Work order
Print the data exactly. Omit the pictures.

Input data

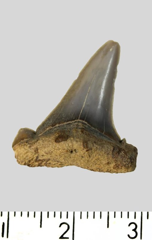 Зуб (фрагмент). Акула. Cretoxyrhina denticulata (Glueckman, 1957). Классификация: Хордовые Chordata, Позвоночные Vertebrata, Хрящевые рыбы Chondrichthyes, Пластиножаберные Elasmobranchii, Акулы Selachii, Ламнообразные Lamniformes, Cretoxyrhinidae
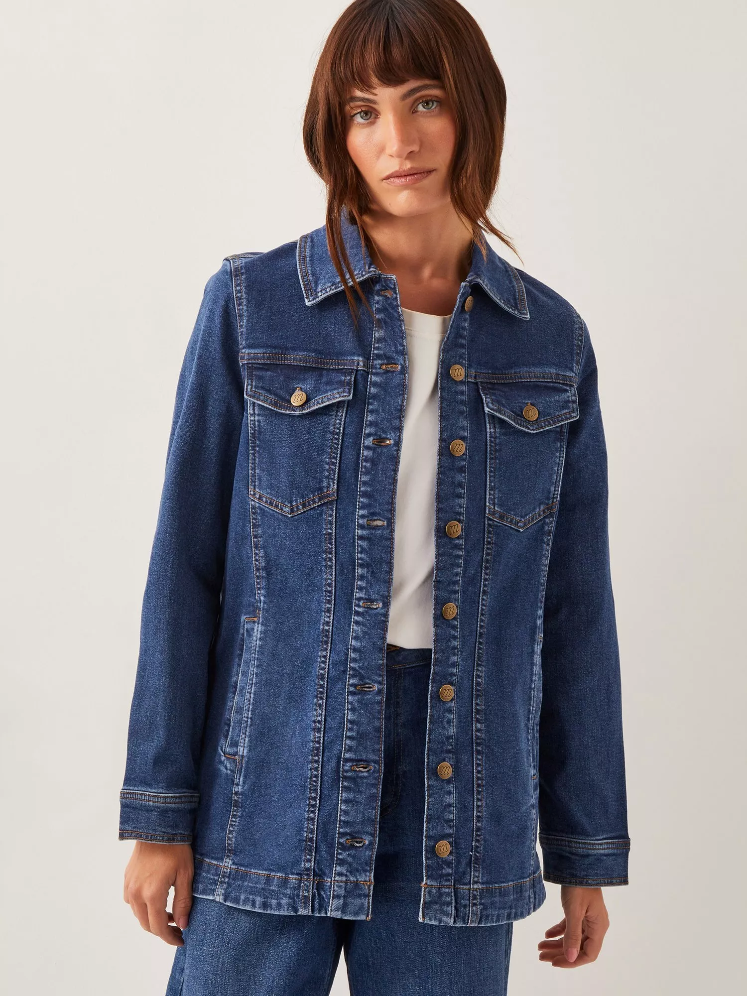 Carved with a neat collar neckline, a longline length and buttons through the front, this jacket from Monsoon is made from a soft cotton blended denim for breathable comfort that will stand the test of time.
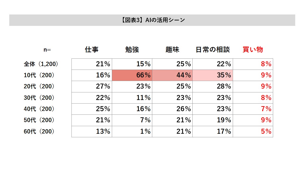 AIは日常的なタスクや思考支援のツールとしては浸透しつつあるものの、「買い物・購買に関する目的でAIを活用した」と回答した人は1割未満にとどまりました。【図表3参照】

Exercise output
 Зуб (фрагмент). Акула. Cretoxyrhina denticulata (Glueckman, 1957). Классификация: Хордовые Chordata, Позвоночные Vertebrata, Хрящевые рыбы Chondrichthyes, Пластиножаберные Elasmobranchii, Акулы Selachii, Ламнообразные Lamniformes, Cretoxyrhinidae
 Carved with a neat collar neckline, a longline length and buttons through the front, this jacket from Monsoon is made from a soft cotton blended denim for breathable comfort that will stand the test of time.
 AIは日常的なタスクや思考支援のツールとしては浸透しつつあるものの、「買い物・購買に関する目的でAIを活用した」と回答した人は1割未満にとどまりました。【図表3参照】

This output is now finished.